DESCRIPTION OF EMBODIMENTS
[0027] Variable valve mechanisms 1, 2 shown in FIGS. 1 to 7 each
include a rocker arm 20 that is driven by a cam 10 so as to swing
to drive a valve 7, a switching pin 40 attached to the rocker arm
20 so as to be shifted between a first position and a second
position, a shift device 50 that shifts the switching pin 40 from
the first position (back side) to the second position (front side),
and a return spring 49 that returns the switching pin 40 from the
second position (front side) to the first position (back side). The
drive state of the valve 7 can be switched by shifting the
switching pin 40.
[0028] Specifically, a push-out member 30 that makes contact with
the cam 10 is attached to the rocker arm 20. When the switching pin
40 is shifted from the first position (back side) to the second
position (front side), the push-out member 30 is pushed out toward
the rotation center side of the cam 10 from the rocker arm 20, as
shown in FIG. 3B. When the switching pin 40 is returned from the
second position (front side) to the first position (back side), the
push-out member 30 retracts into the rocker arm 20, as shown in
FIG. 3A.
[0029] The rocker arm 20 is formed to have such a dimension that
one end of the switching pin 40 is exposed while projecting outward
from the rocker arm 20. The return spring 49 is externally fitted
to the one end of the switching pin 40 so as to be exposed outside
the rocker arm 20.
First Embodiment
[0030] The variable valve mechanism 1 of the first embodiment shown
in FIGS. 1 to 6 is a mechanism that periodically opens/closes the
valve 7 by periodically pushing the exhaust valve 7 in such a
direction that the exhaust valve 7 opens. A valve spring 8, which
biases the valve 7 in such a direction that the valve 7 is closed,
is externally fitted to the valve 7. The variable valve mechanism 1
is configured to include the cam 10, the rocker arm 20, the
push-out member 30, the switching pin 40, the shift device 50, and
a lash adjuster 60.
[0031] The cam 10 is provided on a cam shaft 18 so as to protrude
from the camshaft 18. The camshaft 18 makes one rotation each time
the internal combustion engine makes two rotations. The cam 10
includes normal profiles 12, 12 that drive the rocker arm 20
without the push-out member 30, and a constantly-opened profile 13
that drives the rocker arm 20 through the push-out member 30.
Specifically, the cam 10 includes right and left normal profiles
12, 12 arranged spaced apart from each other on both sides in the
width direction of the cam 10, and the constantly-opened profile 13
arranged between the normal profiles 12, 12. Each normal profile 12
is configured to include a normal base circle 12a having a
cross-sectional shape of a true circle, and a normal nose 12b that
projects out from the normal base circle 12a.
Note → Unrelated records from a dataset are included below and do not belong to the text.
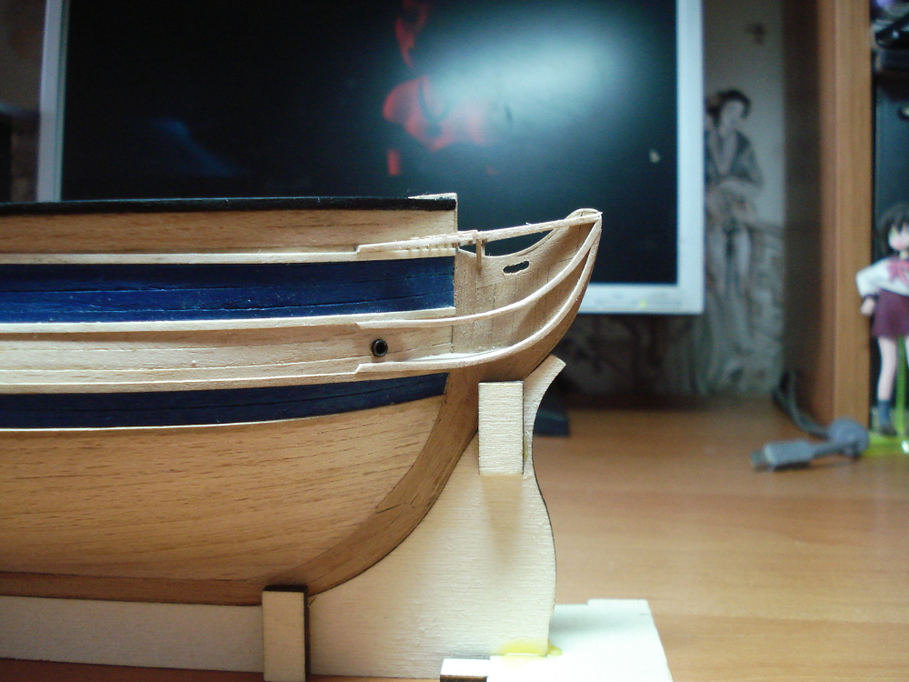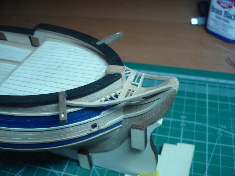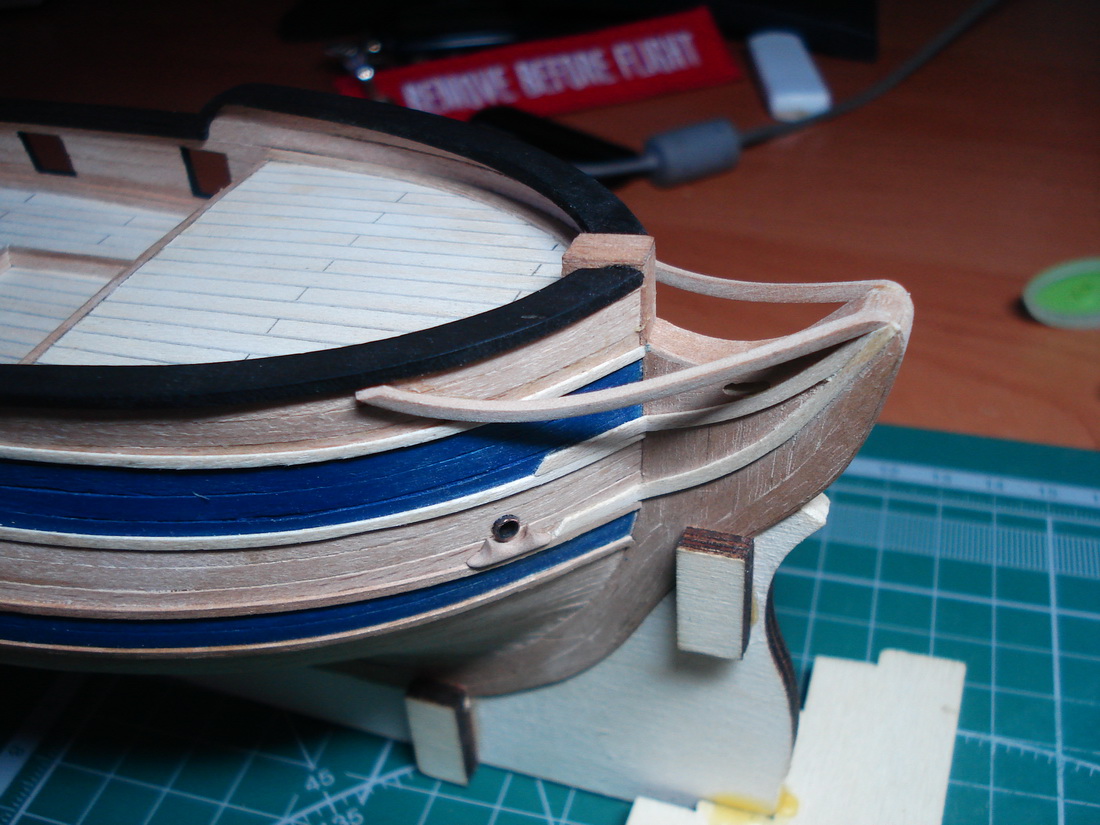 Вопрос по балке якорной. У Мантуи она изображена поверх планширя и прибита некоей косынкой-хомутом поверх. На моделях у людей вижу, что по уму она должна иметь развитие и крепиться к палубе. Высота борта по планширю на баке у меня получается миллиметров 7-8, перебрасывать - будет очень ядрёное развитие, может вывести под планширем? Или как в наборе тоже имело место быть?
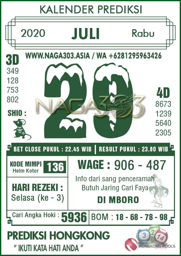 Prediksi Hongkong Pools Rabu 29 Juli 2020 | Web Toto Naga303
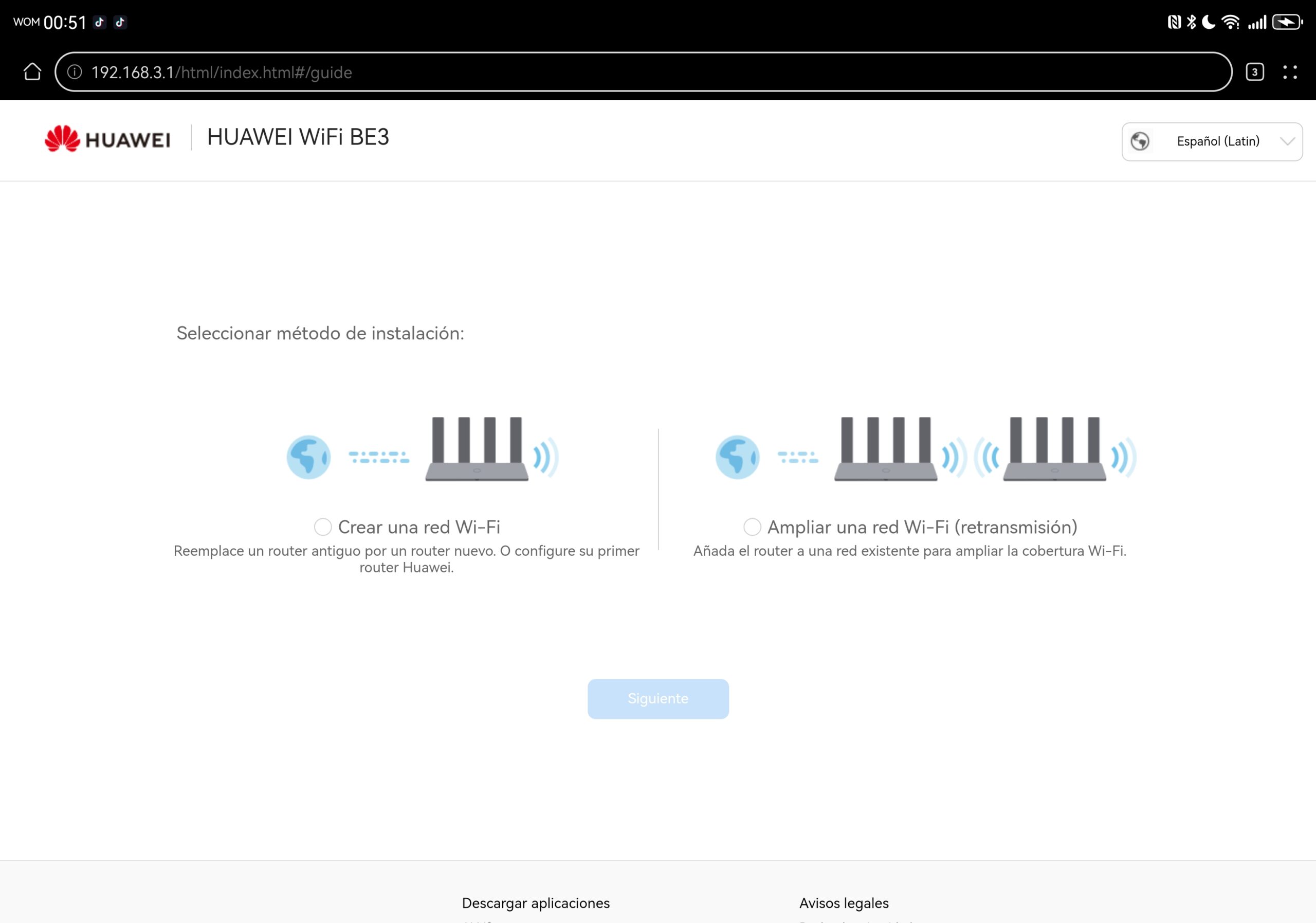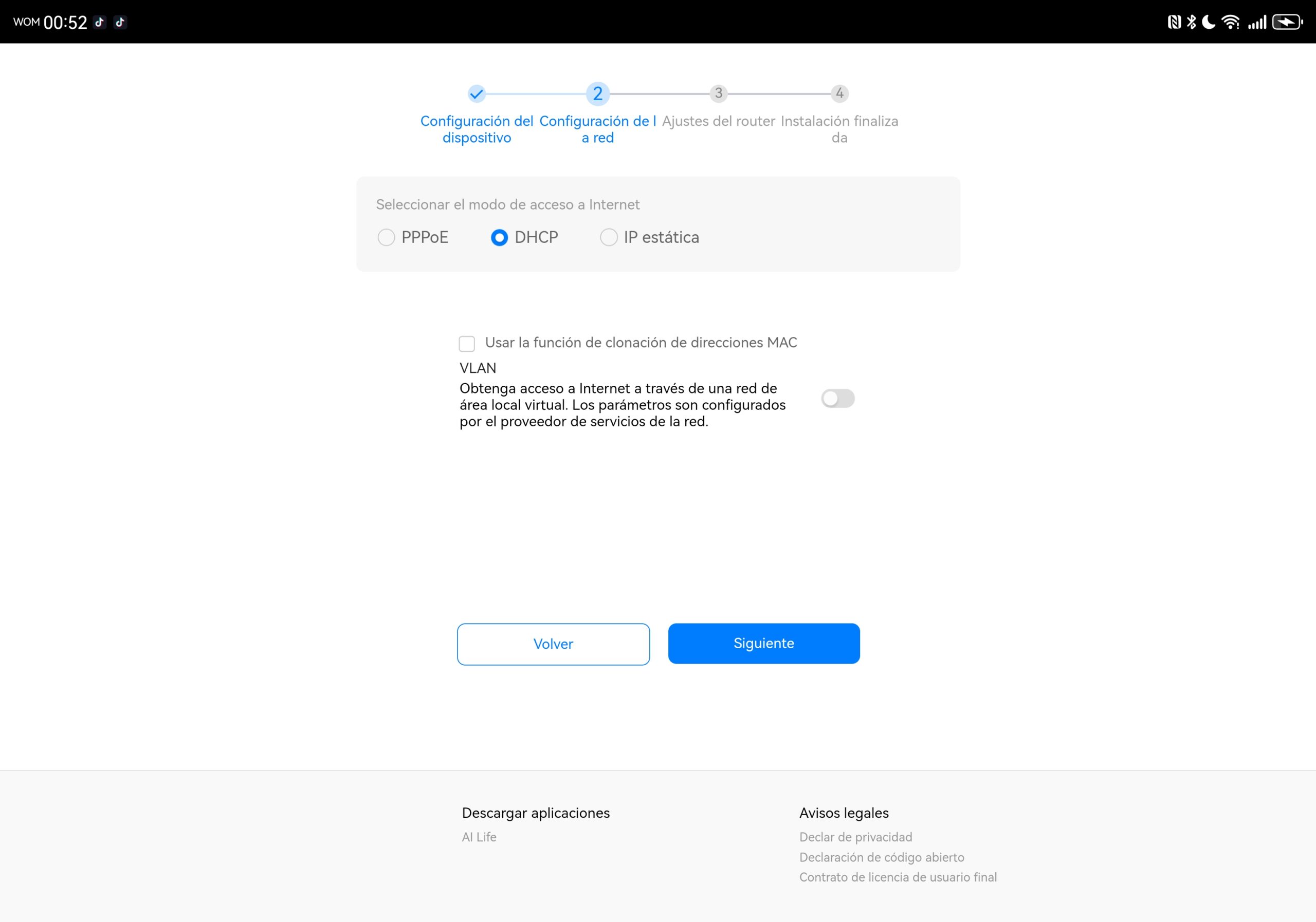 Tras encender el equipo, el router verificará primero si tienes un cable de red conectado o no, ya que, en caso de no tener ningún cable, te ofrecerá la opción para actuar como un repetidor Wi-Fi. Sin embargo, si detecta el cable de red, identificará el tipo de configuración que tiene el router de tu proveedor de internet.

The constantly-opened
profile 13 is configured to include a constantly-opened base circle
13a of a true circle having a larger diameter than the normal base
circle 12a, and a constantly-opened nose 13b having the same shape
as the normal nose 12b excluding at both ends. Thus, the length of
projection of the constantly-opened nose 13b from the
constantly-opened base circle 13 is smaller than the length of
projection of the normal nose 12b from the normal base circle 12a.
The right and left normal profiles 12, 12 make contact with right
and left rollers 22, 22 of the rocker arm 20. The constantly-opened
profile 13 makes sliding contact with the push-out member 30.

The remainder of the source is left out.